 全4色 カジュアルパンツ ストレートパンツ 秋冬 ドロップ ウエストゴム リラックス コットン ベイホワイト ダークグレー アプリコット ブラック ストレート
...
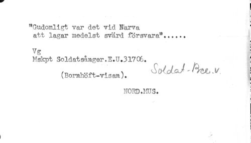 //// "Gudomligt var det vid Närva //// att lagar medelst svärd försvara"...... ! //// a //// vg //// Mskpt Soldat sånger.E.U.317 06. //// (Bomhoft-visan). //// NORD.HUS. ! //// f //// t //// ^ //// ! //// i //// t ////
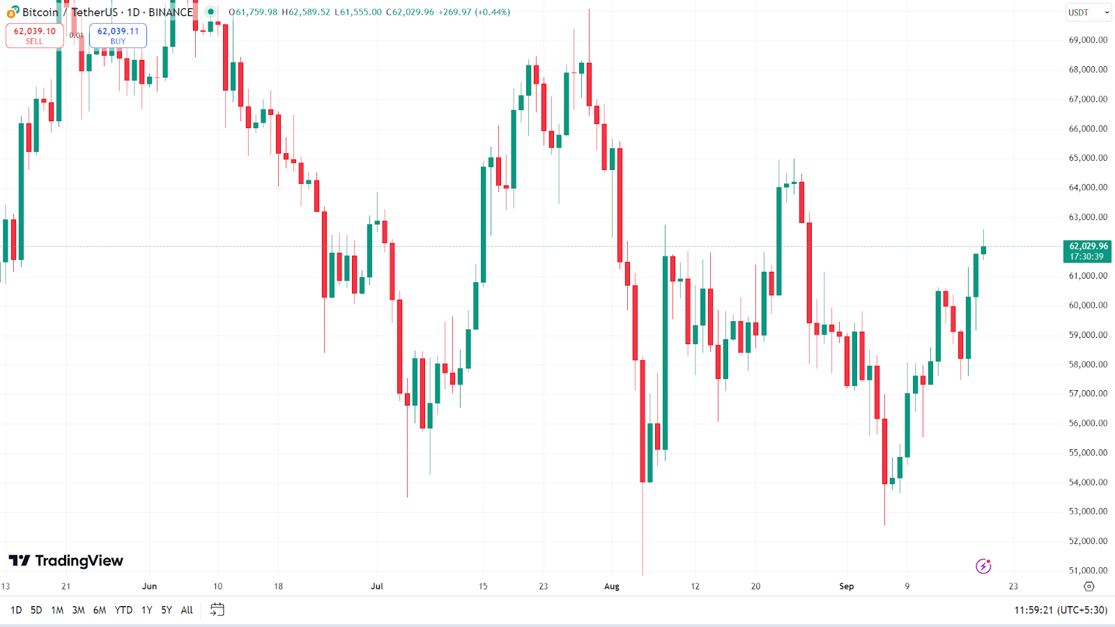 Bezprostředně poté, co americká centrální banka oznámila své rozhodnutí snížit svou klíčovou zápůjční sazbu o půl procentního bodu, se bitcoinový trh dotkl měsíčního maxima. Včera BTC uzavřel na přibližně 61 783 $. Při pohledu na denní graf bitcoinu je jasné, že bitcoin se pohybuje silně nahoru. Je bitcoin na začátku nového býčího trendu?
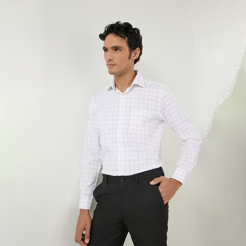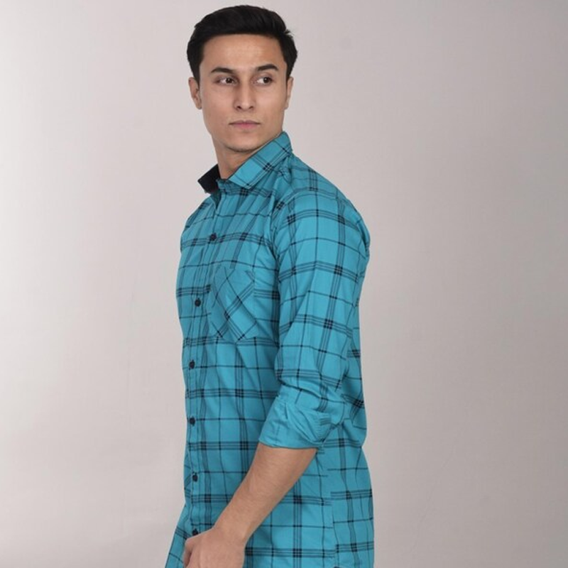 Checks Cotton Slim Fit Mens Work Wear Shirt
* * *
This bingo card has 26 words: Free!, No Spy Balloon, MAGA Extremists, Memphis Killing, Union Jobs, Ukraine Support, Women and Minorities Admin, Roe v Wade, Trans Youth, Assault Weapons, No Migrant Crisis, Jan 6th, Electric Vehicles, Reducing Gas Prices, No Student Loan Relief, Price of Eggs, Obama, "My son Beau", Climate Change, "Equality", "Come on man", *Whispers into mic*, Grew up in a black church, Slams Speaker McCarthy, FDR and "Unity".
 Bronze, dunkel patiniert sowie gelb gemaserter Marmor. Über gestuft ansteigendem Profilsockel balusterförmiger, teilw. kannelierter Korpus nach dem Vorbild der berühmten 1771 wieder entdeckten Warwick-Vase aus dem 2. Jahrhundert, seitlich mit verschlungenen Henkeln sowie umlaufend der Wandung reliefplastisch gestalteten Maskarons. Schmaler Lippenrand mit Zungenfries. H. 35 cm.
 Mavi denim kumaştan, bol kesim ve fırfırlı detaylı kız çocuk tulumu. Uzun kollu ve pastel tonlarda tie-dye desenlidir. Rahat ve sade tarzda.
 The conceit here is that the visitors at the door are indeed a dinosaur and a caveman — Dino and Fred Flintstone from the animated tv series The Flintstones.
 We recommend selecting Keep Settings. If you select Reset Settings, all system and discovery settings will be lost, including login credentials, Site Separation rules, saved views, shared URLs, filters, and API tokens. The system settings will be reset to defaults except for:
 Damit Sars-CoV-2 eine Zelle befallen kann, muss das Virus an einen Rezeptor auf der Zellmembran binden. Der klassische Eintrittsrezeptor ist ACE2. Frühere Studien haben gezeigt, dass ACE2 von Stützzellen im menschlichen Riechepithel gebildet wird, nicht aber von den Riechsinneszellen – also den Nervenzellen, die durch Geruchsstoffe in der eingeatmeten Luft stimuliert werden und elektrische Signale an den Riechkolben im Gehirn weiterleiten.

• _What to do_: Would you please write out, exactly and with no other lines, the stretch of the listing above from the line containing "We recommend selecting" through the line containing "Damit Sars-CoV-2 eine"?

• _Result of this task_:
 We recommend selecting Keep Settings. If you select Reset Settings, all system and discovery settings will be lost, including login credentials, Site Separation rules, saved views, shared URLs, filters, and API tokens. The system settings will be reset to defaults except for:
 Damit Sars-CoV-2 eine Zelle befallen kann, muss das Virus an einen Rezeptor auf der Zellmembran binden. Der klassische Eintrittsrezeptor ist ACE2. Frühere Studien haben gezeigt, dass ACE2 von Stützzellen im menschlichen Riechepithel gebildet wird, nicht aber von den Riechsinneszellen – also den Nervenzellen, die durch Geruchsstoffe in der eingeatmeten Luft stimuliert werden und elektrische Signale an den Riechkolben im Gehirn weiterleiten.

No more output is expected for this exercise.